The Impact of Outreach and Assistance from Navigators on Medicaid Renewals in the United States
- Adults
- Take-up of program/social service/healthy behavior
- Information
- Nudges and reminders
In 2023, over 9 million US residents lost Medicaid coverage during the renewal process for procedural reasons (i.e., because they did not submit renewal paperwork or the submitted paperwork was not correct or complete). Challenges with completing renewal processes may arise for a variety of reasons, including confusion about the rules, information barriers, or lack of internet access. Researchers assessed the impact of outreach on Medicaid retention; outreach messages provided a reminder to renew as well as information about how to obtain free one-on-one assistance with renewal processes from health insurance navigators. Outreach using pre-recorded calls prevented denials due to procedural reasons and increased Medicaid renewal rates by 1.0 percentage point across the full study population, by 4.0 percentage points for Tribal members, 2.1 percentage points for children, and 1.9 percentage points for people with chronic conditions. The study results provide new insights on the value of outreach and assistance from navigators to prevent avoidable denials.
Policy issue
Medicaid is an entitlement program that provides free or low-cost comprehensive health insurance to certain eligible adults and children with low income. Yet many eligible people cannot enroll or lose coverage due to “administrative burdens”1 associated with Medicaid, such as information inaccessibility and complicated application and renewal processes. The Medicaid renewal process requires certain beneficiaries to recertify eligibility with documentation within a specified deadline. A recent national survey found that 17.4 percent of beneficiaries lost Medicaid coverage in 2023 due to their inability to complete the renewal process, rather than voluntary dropout or ineligibility.2 Latino/a and Tribal community members may be disproportionately likely to lose coverage at renewal deadlines.3
Prior evidence suggests that written outreach messages with reminders disproportionately benefit enrollees with relatively higher income or better health conditions, while telephone assistance providing one-on-one support can better support low-income individuals and those who speak other languages, but is more labor- and cost-intensive. With funding for Medicaid navigator programs frequently fluctuating, it is important to determine what methods are most effective at supporting individuals renewing their Medicaid coverage. This study is the first randomized evaluation to answer the question, “Can automated outreach and the offer of live assistance increase Medicaid renewal rates, and which are the most effective outreach methods?”
Context of the evaluation
Researchers partnered with the Wisconsin Department of Health Services and Covering Wisconsin, Wisconsin’s Affordable Care Act Navigator program. The study focused on Wisconsin Medicaid enrollees whose coverage was not automatically renewed and who received fee-for-service benefits. Fee-for-service enrollees represent about one-third of Medicaid beneficiaries nationally and 19 percent of total beneficiaries in Wisconsin. Fee-for-service enrollees are not enrolled in a Managed Care Organization (MCO), which is the predominant delivery system in Medicaid. The fee-for-service population includes Medicaid members in their 90-day enrollment period who have not yet selected a Health Maintenance Organization (HMO), members with other limited exceptions to managed care enrollment (for Tribal members, or for people with only one HMO offered in their county), and many Medicaid members enrolled through elderly, blind, or disabled eligibility categories. Covering Wisconsin conducted outreach to all fee-for-service enrollees, while MCOs handled additional outreach efforts for their members beyond the standard communications from the state.

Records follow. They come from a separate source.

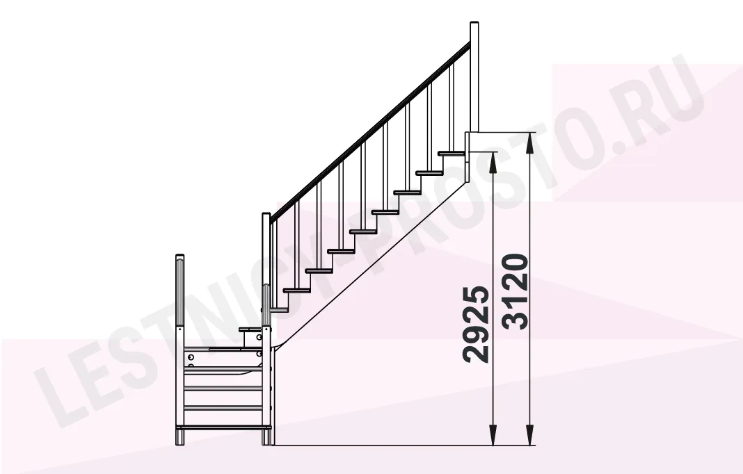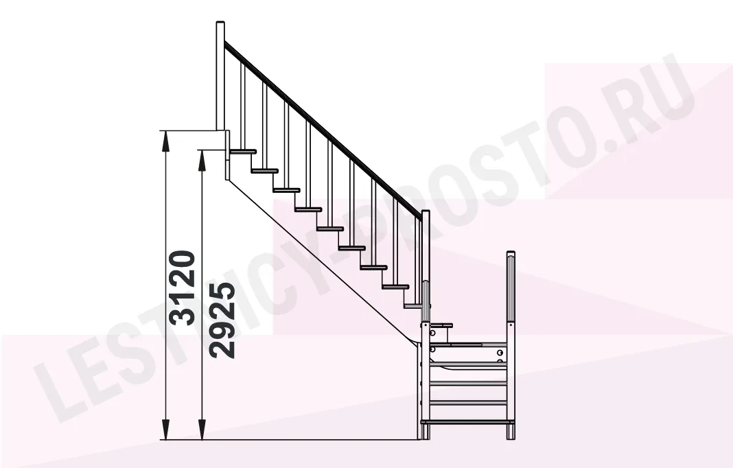 Базовый комплект включает в себя элементы лестницы и ограждения без какого-либо покрытия.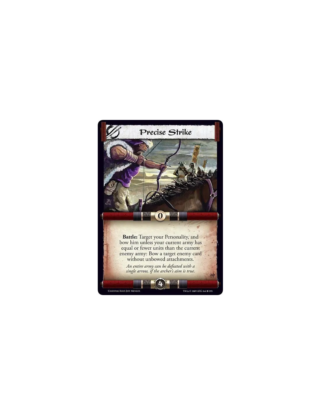 Battle: Target your Personality, and bow him unless your current army has equal or fewer units than the current enemy army: Bow a target enemy card without unbowed attachments.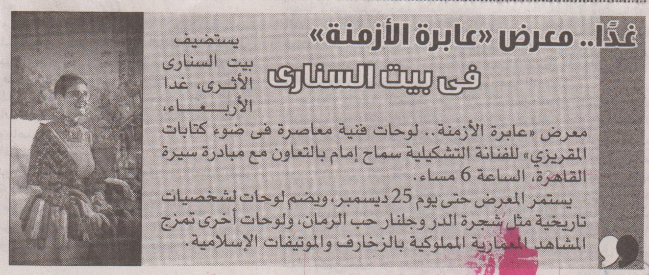 غدًا .. معرض "عابرة الأزمنة" في بيت السناري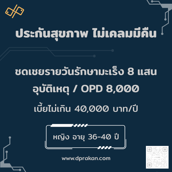 Homeประกันทั้งหมดประกันสุขภาพประกันสุขภาพ ไม่เคลมมีคืน | OPD + อุบัติเหตุ8000 | มะเร็ง 8 แสน | ญ 36–40 ปี | AIA รหัส : 01F36MD01A0109
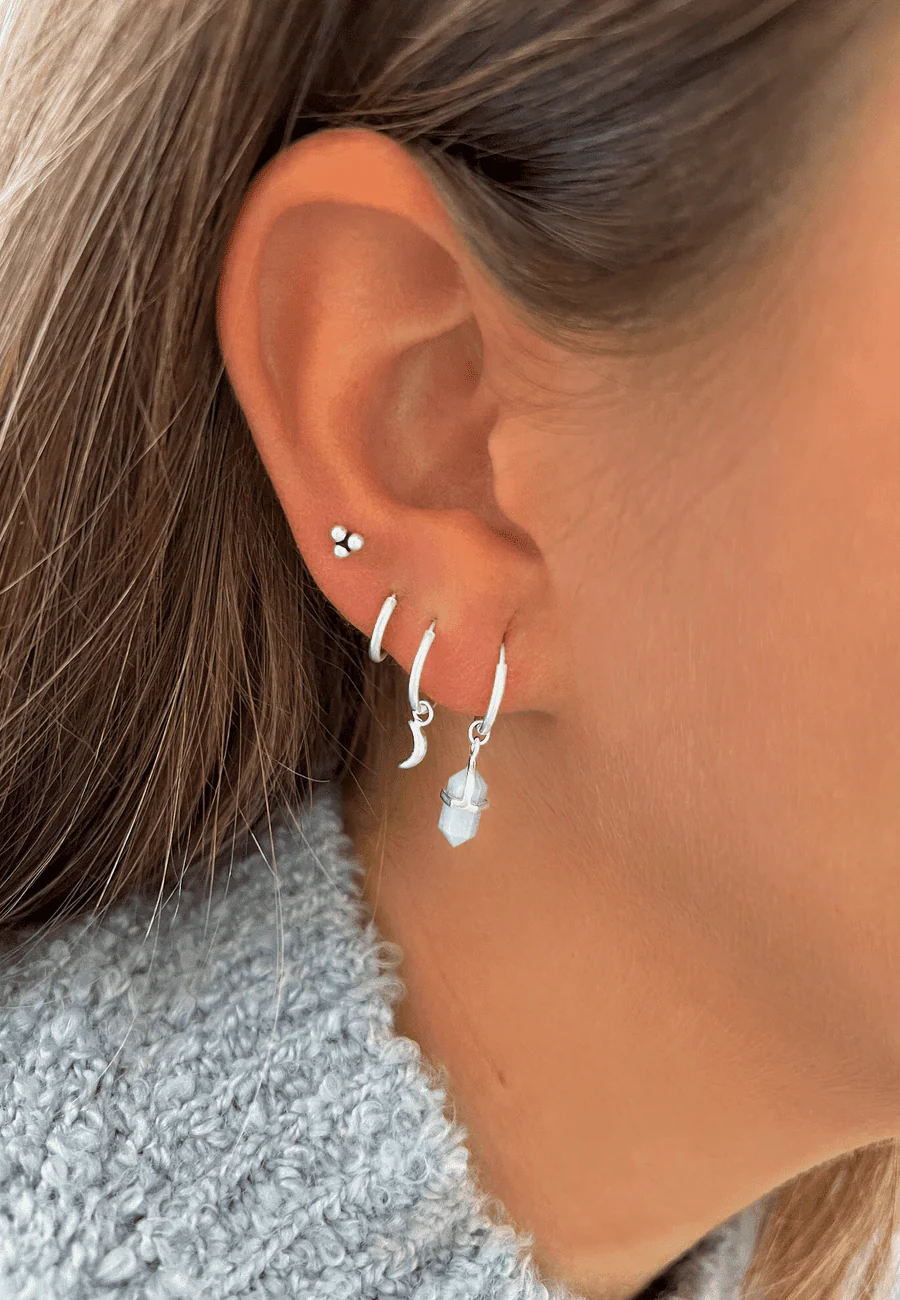 Los pendientes BHANU son aritos finos de 12 mm de diámetro de Plata de Ley 925. Tienen un colgantito en forma de luna unido a la pieza principal.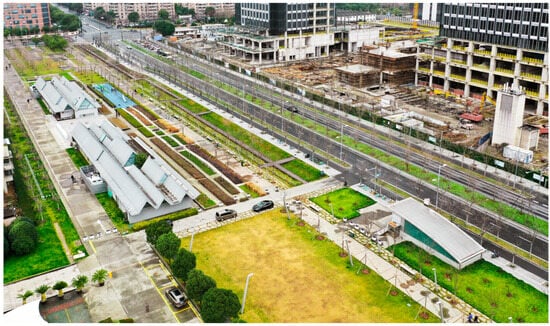 The park was originally an abandoned north–south concrete runway of the former Longhua Airport. The Sasaki design team participated in the project and proposed to transform the original runway into a linear park that preserves the aviation historical and cultural imprint. The Longhua Airport runway has reemerged into people’s sight, evoking memories of the old runway among the surrounding residents (Figure 3). Through a series of innovative and restorative measures, the project has strived to implement sustainable development principles in terms of ecology, society, and economy, leading the way to a new urban lifestyle.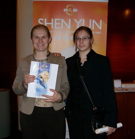 神韵国际艺术团在加拿大埃德蒙顿银禧剧院的首场演出让学习两年唱歌、六年舞蹈的欣子-考斯玛(Csenge Kozma)激动不已,她说:“神韵艺术团表演的舞蹈才是我想学的,我要去飞天艺术学院学习中国古典舞。”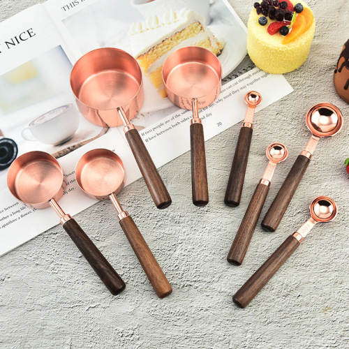 Stainless Steel Measuring Cup Measuring Spoon 8-Piece Set Baking Utensils with Scale Measuring Spoon Measuring Spoon Walnut Wooden Handle Rose Gold Measuring Spoon 中文版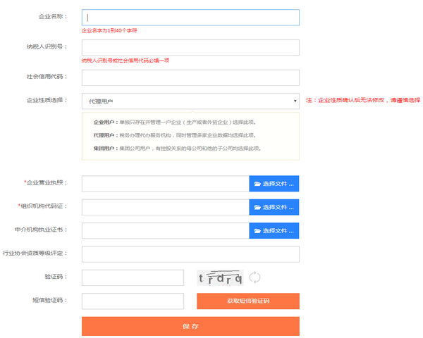 税务办理代办服务机构,同时管理多家企业数据均选择该企业性质,完善资料时企业性质选择代理用户,填写企业名称、纳税人识别号、社会信用代码(依据企业实际情况是否填写)、验证码以及短信验证码。如图1-41所示: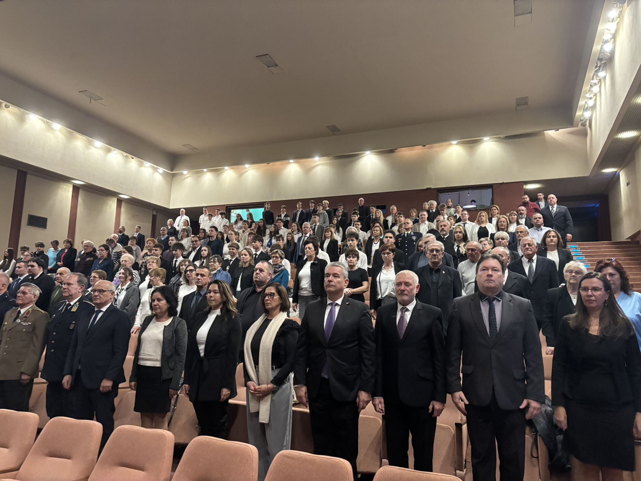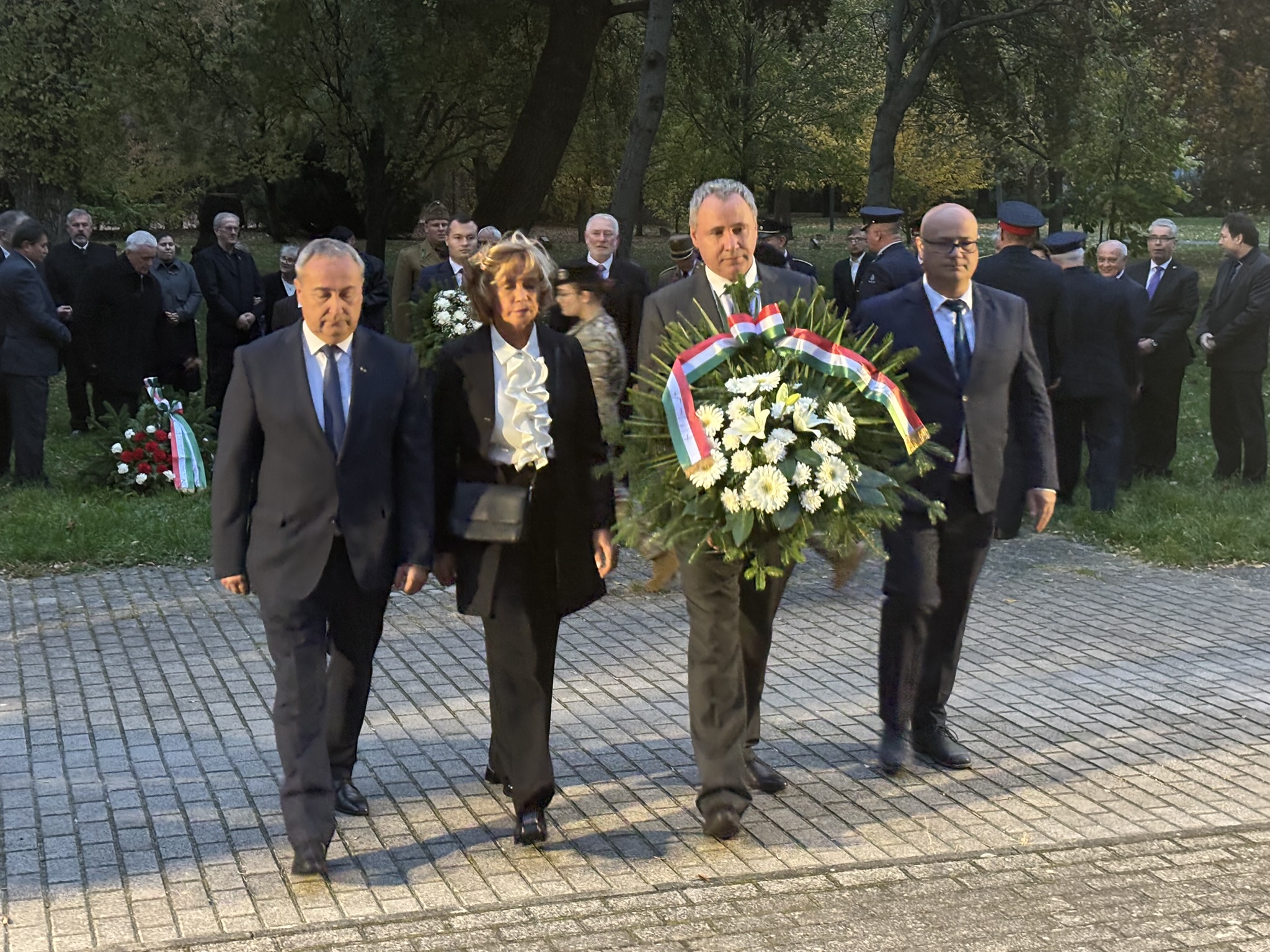 A JMK színházépületében Grőber Attila polgármester mondott beszédet. Kiemelte, az akkori felkelésekkel szemben az október 23-i forradalom nem kenyérlázadás volt, több tényező együttes hatása nemzeti sajátossággal ruházta fel a rendszer- és kommunista ellenességet. - A szovjet rendszerre és a Szovjetunióra nem egyszerűen elnyomóként, a kommunista ideológia hordozójaként, hanem a nemzeti létünket megkérdőjelező hatalomként tekintett az ország. Minden dokumentum, emlékirat és forrás arról tanúskodik, hogy a forradalom alapélménye a nemzeti egység. Az érzés, hogy együtt van a nemzet, együtt van az ország, mindennél erősebb volt - fogalmazott a városvezető.

The study participants included 80,016 households comprised of 92,957 fee-for-service Medicaid beneficiaries who faced coverage renewal deadlines from June 2023 to June 2024. The pre-recorded call arm of the trial was stopped early so the intervention could be delivered to everyone when it was shown to be effective, yielding a sample size of 55,310 households or 62,499 individuals for whom receipt of the pre-recorded call was randomized. All study participants spoke either English or Spanish; half of the participants identified as female (52 percent), and the average age of the participants was 47. Ten percent of the participants identified as Black, 8 percent as Latino/a individuals, 12 percent as Tribal community members, and 1 percent as Asian or Pacific Islander.

Details of the intervention
Researchers conducted a randomized evaluation to assess the impact of reducing administrative burdens through outreach methods offering information and assistance on Medicaid renewal. Medicaid recipients nearing their renewal deadlines were contacted with outreach information an average of 28 days before their deadline.
All members of the study population received written outreach in their preferred language. For a randomly selected subset of the population, this was supplemented with phone-based outreach (a pre-recorded call).
The researchers tested both the impact of sending this supplemental pre-recorded call as well as the impact of variations in the modality, frequency, and content of the written outreach. Fifty percent of the study population was randomly selected to receive a pre-recorded call. To test the effects of different forms of written outreach, 40 percent of the study population was randomly selected to receive postcards and the other 60 percent to receive text messages. Within the text message group, researchers randomly varied the calls to action (connecting with a webchat tool or calling a hotline) and the number of messages they received (one or two). Due to confidentiality rules, postcards could not mention Medicaid or renewal dates and only provided general guidance on navigator assistance with health insurance. The text messages and pre-recorded calls specified that the recipient must renew their Medicaid by a specific deadline to avoid losing coverage, while the webchat tool, accessible online or via SMS, provided Medicaid eligibility details and connected users to live assistance upon request. Enrollees who received only a postcard served as the comparison group.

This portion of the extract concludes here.